The mother stood behind, tearless, with a glitter in her eyes which was almost fierce. Miss Susan did not venture to do more than give her one hurried glance, to which she replied with a gleam of fury, clasping her hands together. Was it fury? Miss Susan thought so, and shrank for a moment, not quite able to understand the feelings of the other woman who had not clearly understood her, yet who now seemed to address to her a look of wild reproach.

“And my poor wife,” went on the old shopkeeper, “for her it will be an even still more happy—Tu es contente, bien contente, n’est-ce pas?”

“Oui, mon ami,” said the woman, turning her back to him, with once more a glance from which Miss Susan shrank.

“Ah, madame, excuse her; she cannot speak; it is a joy too much,” he cried, drying his old eyes.

Miss Susan felt herself constrained and drawn on by the excitement of the moment, and urged by the silence of the other woman, who was as much involved as she.

“My poor boy will have a sadder lot even than yours,” she said; “he is dying too young even to hope for any of the joys of life. There is neither wife nor child possible for Herbert.” The tears rushed to her eyes as she spoke. Heaven help her! she had availed herself, as it were, of nature and affection to help her to commit her sin with more ease and apparent security. She had taken advantage of poor Herbert in order to wake those tears which gave her credit in the eyes of the unsuspecting stranger. In the midst of her excitement and feverish sense of life, a sudden chill struck at her heart. Had she come to this debasement so soon? Was it possible that in such an emergency she had made capital and stock-in-trade of her dying boy? This reflection was not put into words, but flashed through her with one of those poignant instantaneous cuts and thrusts which men and women are subject to, invisibly to all the world. M. Austin, forgetting his respect in sympathy, held out his hand to her to press hers with a profound and tender feeling which went to Miss Susan’s heart; but she had the courage to return the pressure before she dropped his bond hastily (he thought in English pride and reserve), and, making a visible effort to suppress her emotion, continued, “After this discovery, I suppose your bargain with Mr. Farrel-Austin, who took such an advantage of you, is at an end at once?”
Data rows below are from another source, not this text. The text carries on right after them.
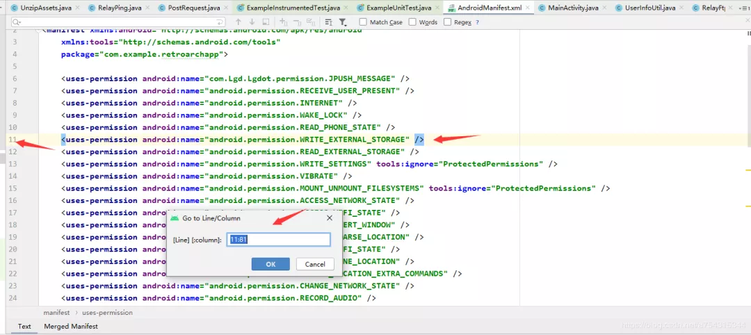 同时按下Ctrl+G快捷键弹出快速定位框,在框中输入行数点击OK即可快速切换到对应的行数,如下图所示。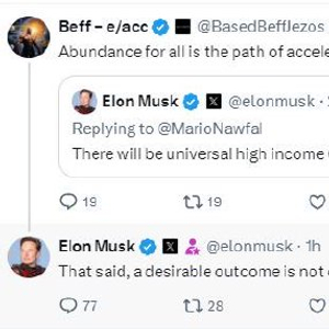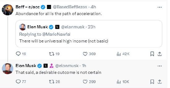 另一位用户在马斯克的帖子下评论称:“所有人的富足是加速之路。”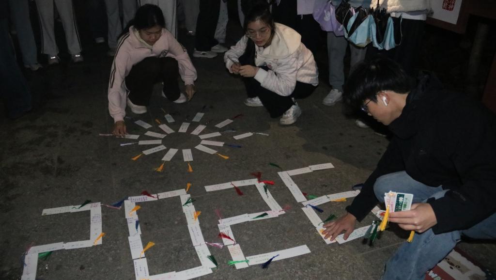 晨跑结束后,学院还精心设置了祝福漂流瓶、民族团结三行诗创作等特色活动。在祝福漂流瓶活动中,同学们写下新年祝福,随后随机抽取他人写下的祝福卡片,完成温暖的祝福交换。民族团结三行诗创作环节,则要求同学们围绕“铸牢中华民族共同体意识”主题,现场创作三行短诗,同学们纷纷领取诗笺,书写对民族团结的真挚感悟与美好祝愿。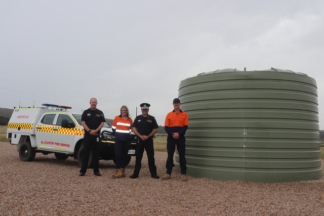 Country Fire Service Eyre Peninsula and West Coast regional commander Stephen Boucher, Acciona Energia senior operations lead Meaghan Cooper, CFS chief officer Brett Loughlin and Cathedral Rocks Wind Farm site manager Craig Nielsen at the new dip tank. (Liam Wormald: 515350_01)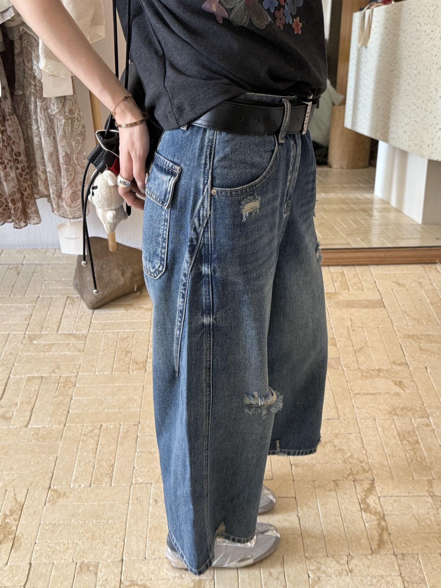 素心 블루 youmo 2026 여름 드레스 레트로 마 오래된 착용 찢어진 부분 캐주얼 8 점 와이드 레그 팬츠 청바지 여성
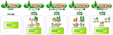 これは期間中(12月19日3:00PM〜29日2:00PM),野菜村に現れるクリスマスツリーを集めた人を対象に,その数に応じてオリジナルクッションやぬいぐるみが,抽選でプレゼントされるという内容だ。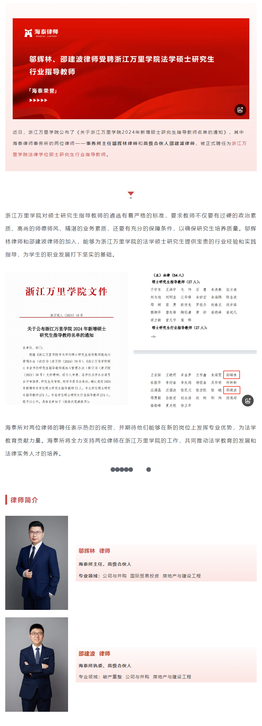 邬辉林、邵建波律师受聘浙江万里学院法学硕士研究生行业指导教师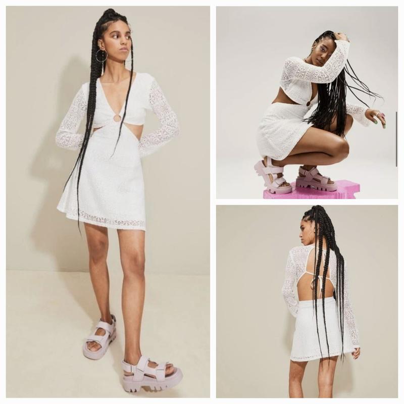Белое кружевное платье с длинными рукавами и вырезом h&m, размер м, 989 12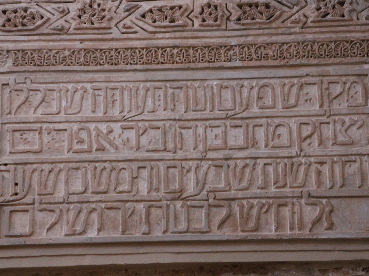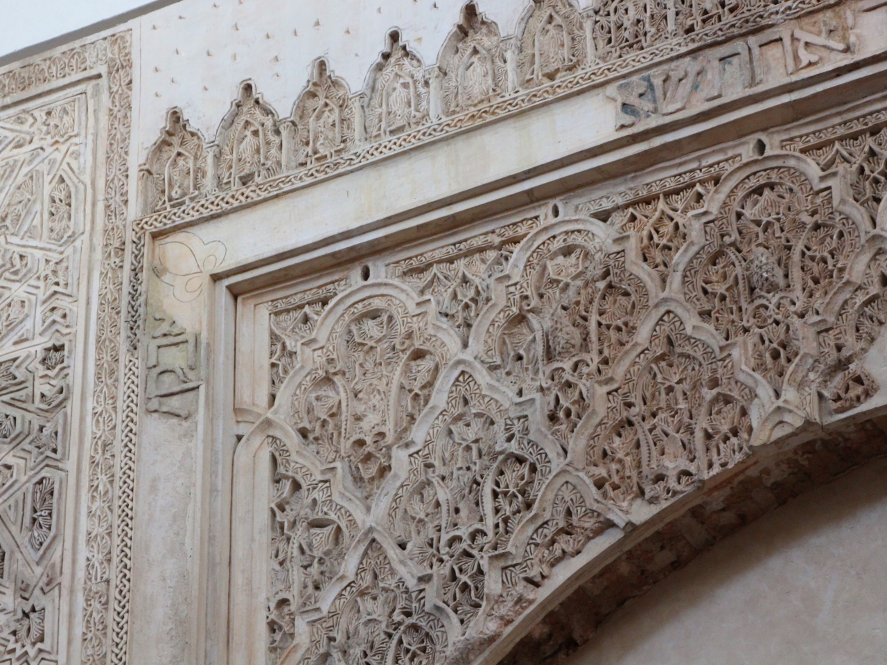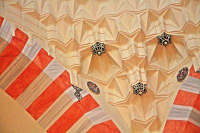 モスクの天井装飾は非常に手が込んでいて、2階のテラスの下の壁やテラスの欄干の模様も美しい。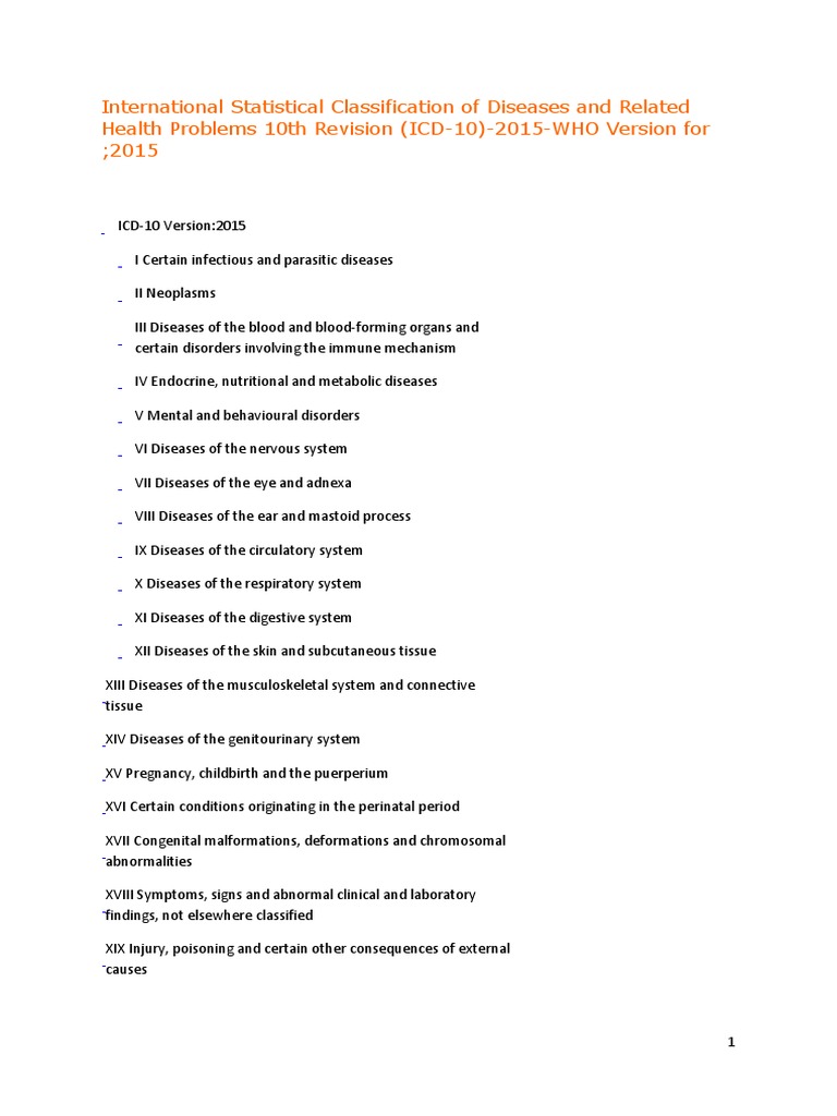 Icd 10 International Statistical Classification Of Diseases

“Speak French,” said Madame Austin, with gloom on her countenance; “I do not understand your English.”

“Mon amie, you are a little abrupt. Forgive her, madame; it is the excitation—the joy. In women the nerves are so much allied with the sentiments,” said the old shopkeeper, feeling himself, like all men, qualified to generalize on this subject. Then he added with dignity, “I promised only for myself. My old companion and me—we felt no desire to be more rich, to enter upon another life; but at present it is different. If there comes an inheritor,” he added, with a gleam of light over his face, “who shall be born to this wealth, who can be educated for it, who will be happy in it, and great and prosperous—ah, madame, permit that I thank you again! Yes, it is you who have revealed the goodness of God to me. I should not have been so happy to-day but for you.”

Miss Susan interrupted him almost abruptly. The sombre shadow on Madame Austin’s countenance began to affect her in spite of herself. “Will you write to him,” she said, “or would you wish me to explain for you? I shall see him on my return.”

“Still English,” said Madame Austin, “when I say that I do not understand it! I wish to understand what is said.”